Information For Timers
Introduction to Timing
The timer's job is to set the timing of spoken text. This is the most boring part of the process but it is also one of the most important parts of the subbing process. You listen to the audio, determine where dialog starts and ends, and set times accordingly. Aegisub makes it very simple to time scripts, but other programs such as Medusa or Substation Alpha 4 are also decent programs for timing. Aegisub has a fairly advanced, customizable audio mode with both the traditional waveform display as well as an alternative spectrum display. Several different timing modes are available for both normal dialog timing and karaoke timing.

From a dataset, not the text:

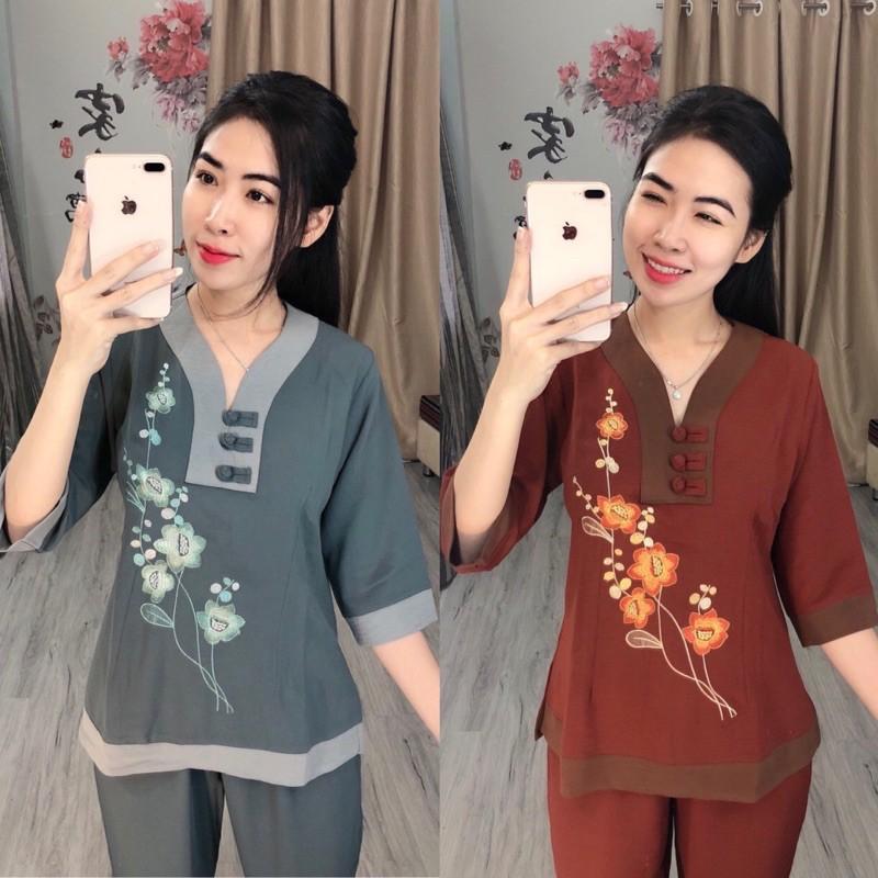 ✨Đồ Lam Đi Chùa # Cổ Y Thêu Hoa SaLa# Đồ Bộ # Quần Áo Nữ# Vải Mát
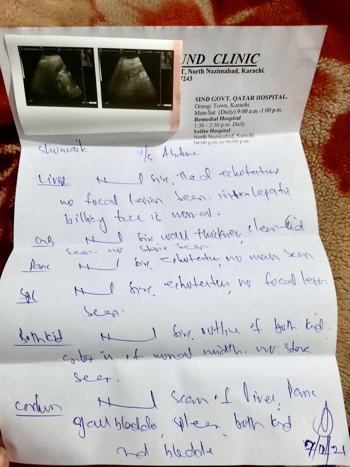 Ultrasound is normal. It means she just has stoma h issue regarding acidity and possibly leading to ulcer.

#PocketMonsters now uses the latest version of Aegisub for pre-timing all scripts and also makes sure all dialog is scene timed, where appropriate. Also be sure to use Japanese closed captions whenever possible for our subs.
Opening Audio
To load an audio file into Aegisub, just go to the
Audio menu
and press
Open audio file. If you have a video file already
loaded, you can use
Open audio from video instead, which
obviously will load the audio track from the video file you currently
have loaded. You can open any type of audio file that your DirectShow
environment knows how to decode. For example, if you want to load an
AC3 file, you will need an AC3 DirectShow decoder (e.g. AC3filter or
ffdshow).
When loaded, the audio is downmixed to mono (see the section on
audio
downmixer in the options documentation if you want to grab one
channel only), decompressed to PCM (a.k.a. WAV), and (by default)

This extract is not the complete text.